When the Sun has finished shedding off its outer layers into the surrounding space, all that will remain of it is the collapsed core in the form of a white dwarf. This left behind stellar remnant will be an incredibly dense object, retaining half of the Sun’s initial mass packed into a glowing sphere slightly larger than Earth. It will still radiate residual light and heat but will be much dimmer than it was in its main sequence phase. The surface of the white dwarf could initially reach temperatures of 100,000°C but will immediately begin to cool.
The remaining solar system will be much emptier and darker, and the white dwarfs grasp on its surrounding objects much diminished. The surviving planets and asteroids, orbiting in wider, slower, more elliptical paths.

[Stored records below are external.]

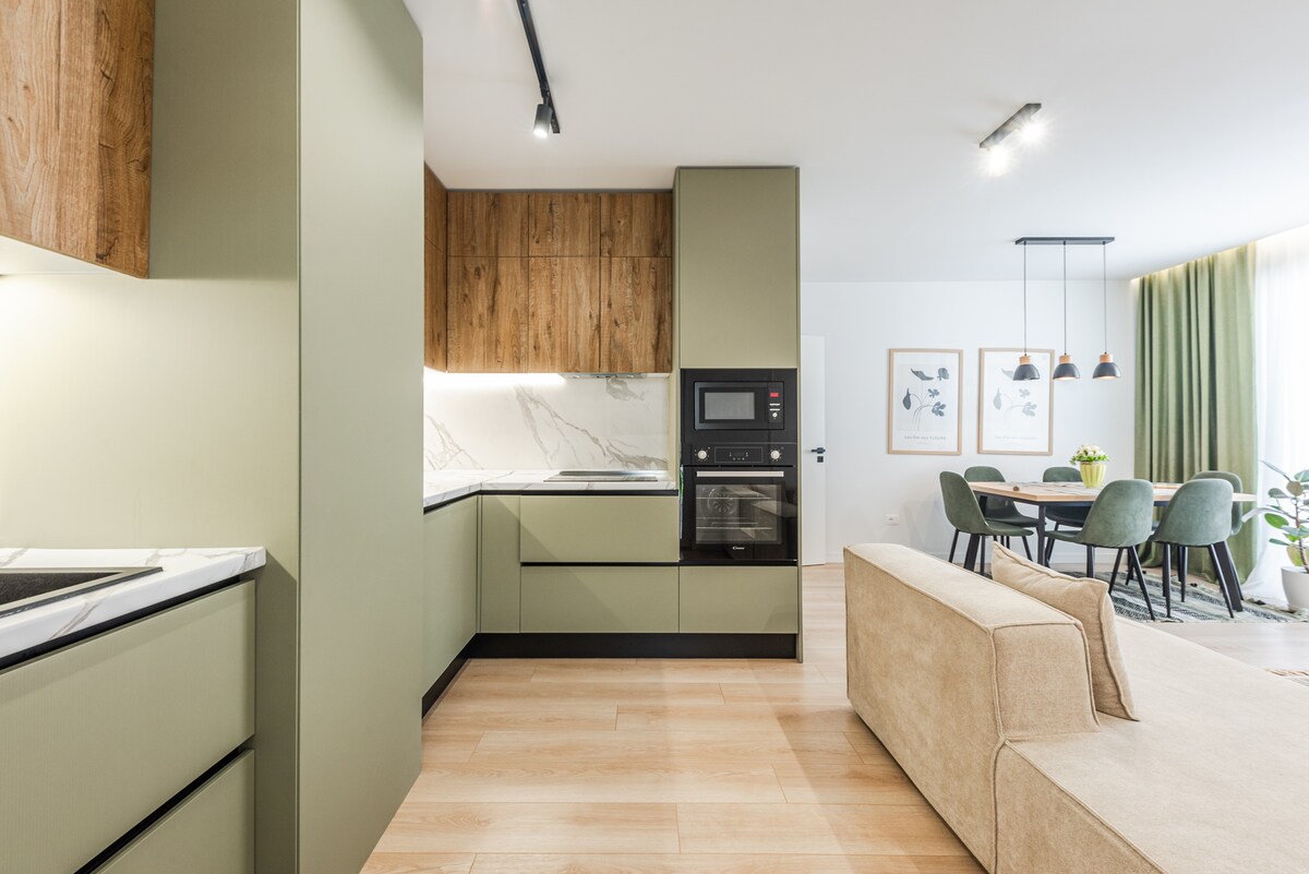 Dənizə qalxın! Bu işıqlı, müasir süita sahil promenadasının mərkəzində, qumdan bir neçə addımlıq məsafədə yerləşir və ətrafında kafe, bar və restoranlar var. Rahat qonaqlama üçün vacib imkanlardan zövq alın: - Spa təcrübəsi üçün otaqda cakuzu - Açıq dəniz mənzərəli balkon (günəşin doğuşu zamanı qəhvə və ya gün batımında şərab içmək üçün mükəmməldir) - Yüksək sürətli Wi‑Fi, ağıllı televizor və ağıllı kilid vasitəsilə öz-özünə giriş - Kondisioner və rahat çarpayı (maksimum 3 qonaq yata bilər)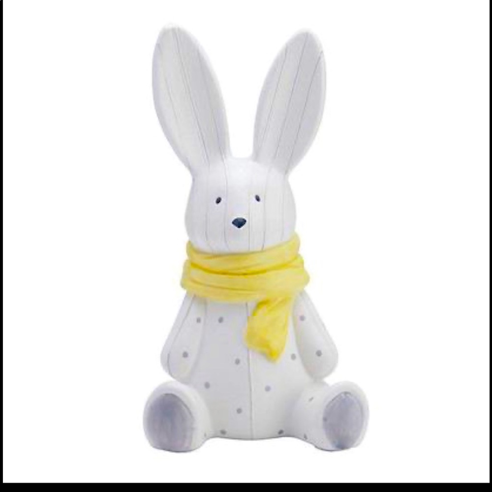 Add a sweet keepsake to your child’s room with the bunny piggy bank by elements. Crafted of ceramic, this adorable polkadot bunny is wearing a fun yellow scarf, sure to give any room a whimsical touch. Measures 5.75 inches long by 4.72 inch wide by 10 inch high brand new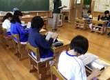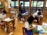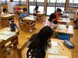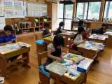 朝の活動の時間です。 1、2年生の教室前の廊下のワークスペースでは、子どもたちが...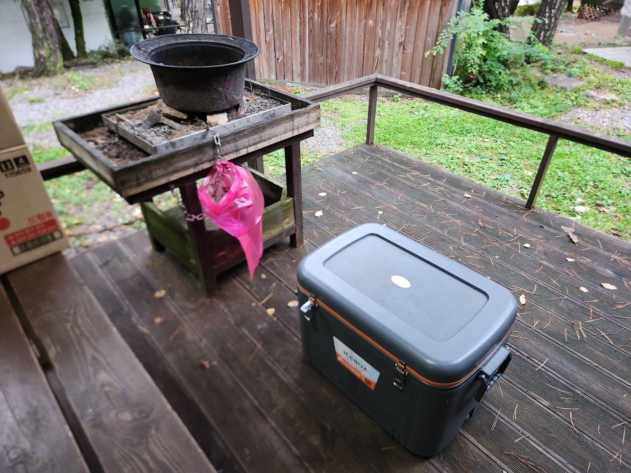 카라반이 아니라서 냉장고는 기대하시면 안 됩니다. 위 사진처럼 나무 테이블이 제공되고, 냉장고 대신 대형 아이스박스가 놓여 있습니다. 화로대는 고정형으로 작은 것이 있는데, 작은 장작을 때기에는 충분합니다. 나무 바닥이라 개인 화로대를 놓고 쓰는 것은 극히 권장하지 않습니다.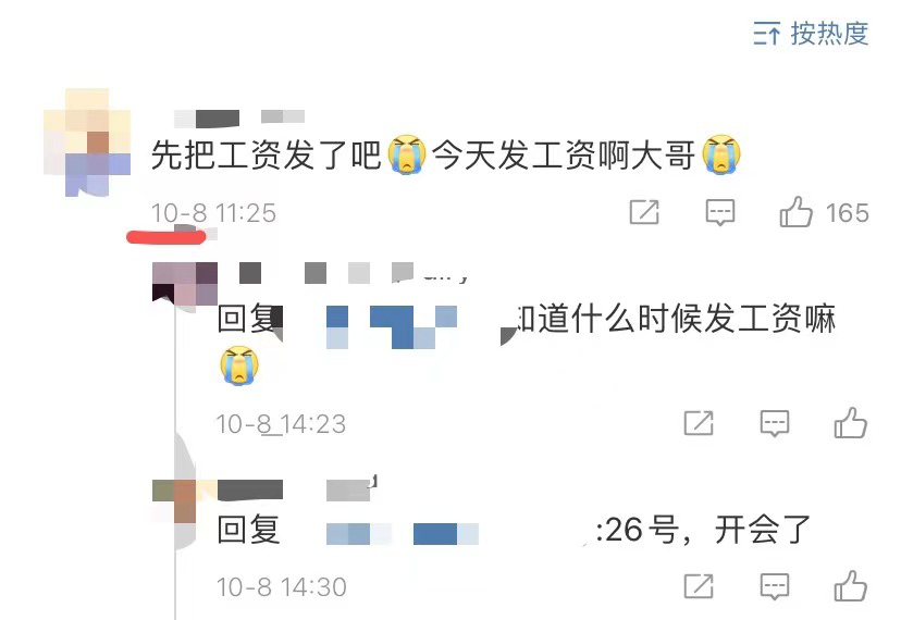 贝壳财经记者看到,当天,不仅张熙微博留言出现催债信息,“精锐创始人称自己倾家荡产”的热搜词条下,不少员工表示希望今天可以顺利发工资。评论发出三个小时后,有员工称自己收到财务通知,工资延迟到26日发出。

Over billions of years, gravitational interactions between planets and passing stars may destabilize these orbits, ejecting some planets entirely. The icy bodies of the Kuiper belt and Oort cloud, of which the Sun already had a tenuous grasp, will mostly become unbound. They will disperse and drift out into the darkness of interstellar space; some possibly scooped up by the gravity of other stars.
Over trillions of years the white dwarf will get cooler and dimmer, eventually becoming a black dwarf, completely invisible to the cosmos.